Currently GPS RO can be used for climate trend assessments within the region from 50°S to 50°N and below 25 km altitude, where SU meets stability requirements for air temperature as defined by the Global Climate Observing System (GCOS) program [4] as well as corresponding estimated requirements for the other RO variables. Since RO processing systems undergo continuous development, further improvements and reductions in SU are expected. The RO Trends project accepts as its goal a reduction of SU based on improved understanding of the different contributing error sources. Reduction of SU per se is not the goal of RO Trends.
The data records used in [3] and [1] will be made available to the broader science community, including:
- profile data, gridded climatologies and sampling error estimates (netCDF files);
- bending angle, refractivity, dry pressure, dry geopotential height, dry temperature;
- of the centres DMI, EUM (only bending angle), GFZ, JPL, UCAR, WEGC.
Future plans of the RO Trends working group include studies on:
- multi-satellite consistency, to analyse SU across different instruments and missions as revealed by different processing centres;
- upper stratosphere retrievals, by analyzing intermediate processing products, to determine how SU may be introduced in this critical initialization region;
- quality control, to understand why there are significant differences (~50%) in the number of quality controlled profiles generated at the different processing centres, providing further information on processing differences and SU.
The ROTrends activity is now also hosted under the SCOPE-CM project RO-CLIM.
Websites of ROTrends Collaborators
DMI | http://www.romsaf.org |
GFZ | http://isdc.gfz-potsdam.de |
EUMETSAT | http://www.eumetsat.int |
JPL | http://genesis.jpl.nasa.gov |
UCAR | http://www.cosmic.ucar.edu |
WEGC | http://www.wegcenter.at |
References
[1] Steiner, A. K., D. Hunt, S.-P. Ho, G. Kirchengast, A. J. Mannucci, B. Scherllin-Pirscher, H. Gleisner, A. von Engeln, T. Schmidt, C. Ao, S. S. Leroy, E. R. Kursinski, U. Foelsche, M. Gorbunov, Y.-H. Kuo, K. B. Lauritsen, C. Marquardt, C. Rocken, W. Schreiner, S. Sokolovskiy, S. Syndergaard, S. Heise, and J. Wickert (2013), Quantification of structural uncertainty in climate data records from GPS radio occultation, Atmos.

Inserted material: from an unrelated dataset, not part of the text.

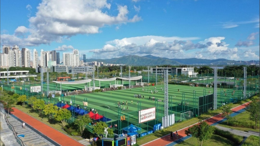 面对城市空间有限的挑战,福田区创新思路,复合利用城市公园、楼宇等空间,共建设了2207片体育场地设施,其中包括32片楼顶足球场,极大地满足了周边居民和上班族的健身需求。见缝插针建设笔架山体育公园、深福保文体服务中心和国际体育文化交流中心等体育场馆;围绕深圳市体育中心打造都市体育产业集聚地,招引中超足球俱乐部——深圳新鹏城足球俱乐部、CBA职业男篮俱乐部——深圳新世纪篮球俱乐部等职业体育俱乐部落地。特别是国内首创在水质净化厂屋顶上方建设的福田海滨生态体育公园,以其独特的足球主题和高效的空间利用方式,荣获“全国年度最佳体育创新奖”,成为深圳全市唯一获此殊荣的项目。
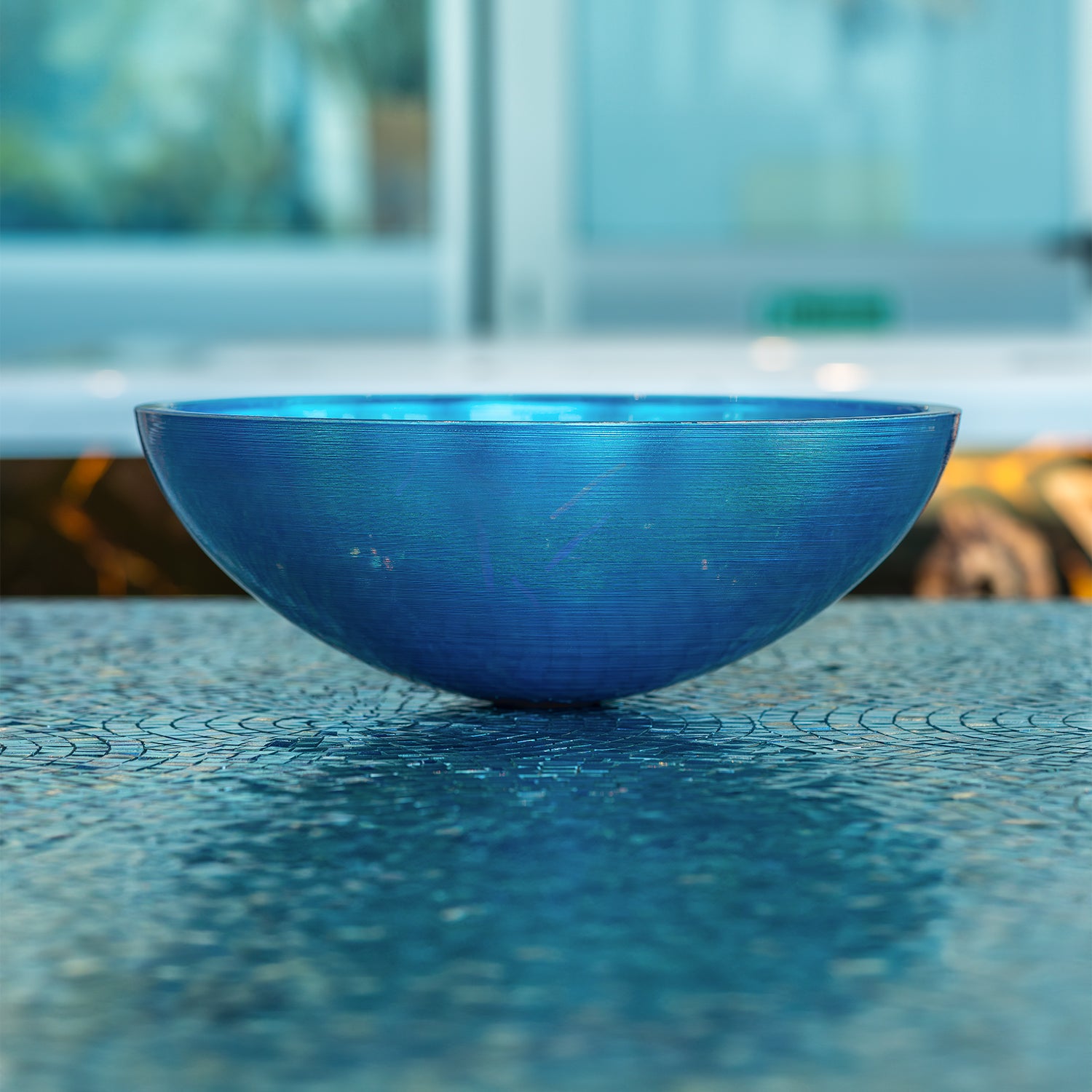 Dieses Glaswaschbecken wird aus hochwertigem, bleifreiem Soda-Lime-Glas gefertigt. Die Innenseite ist in einer sogenannten Rigata-Technik ausgeführt, einer feinen geriffelten Streifenstruktur im Glas, die das einfallende Licht bricht und der Schale eine besondere räumliche Tiefe verleiht.

Chem. Phys., 13, 1469-1484, doi:10.5194/acp-13-1469-2013, http://www.atmos-chem-phys.net/13/1469/2013.
[2] Ho, S.-P., G. Kirchengast, S. Leroy, J. Wickert, T. Mannucci, A. K. Steiner, D. Hunt, W. Schreiner, S. V. Sokolovskiy, C.O. Ao, M. Borsche, A. von Engeln, U. Foelsche, S. Heise, B. Iijima, Y.-H. Kuo, E. R. Kursinski, B. Pirscher, M. Ringer, C. Rocken, and T. Schmidt (2009), Estimating the uncertainty of using GPS radio occultation data for climate monitoring: Inter-comparison of CHAMP refractivity climate records 2002-2006 from different data centers, J. Geophys. Res., 114, D23107, doi:10.1029/2009JD011969.
[3] Ho, S.-P., D. Hunt, A. K. Steiner, A. J. Mannucci, G. Kirchengast, H. Gleisner, S. Heise, A. von Engeln, C. Marquardt, S. Sokolovskiy, W. Schreiner, B. Scherllin-Pirscher, C. Ao, J. Wickert, S. Syndergaard, K. Lauritsen, S. Leroy, E. R. Kursinski, Y.-H. Kuo, U. Foelsche, T. Schmidt, M. Gorbunov (2012), Reproducibility of GPS radio occultation data for climate monitoring: Profile-to-profile inter-comparison of CHAMP climate records 2002 to 2008 from six data centers, J. Geophys. Res., 117, D18111, doi:10.1029/2012JD017665.
[4] GCOS (2006), Systematic observation requirements for satellite-based products for climate, GCOS-107 (WMO/TD No. 1338).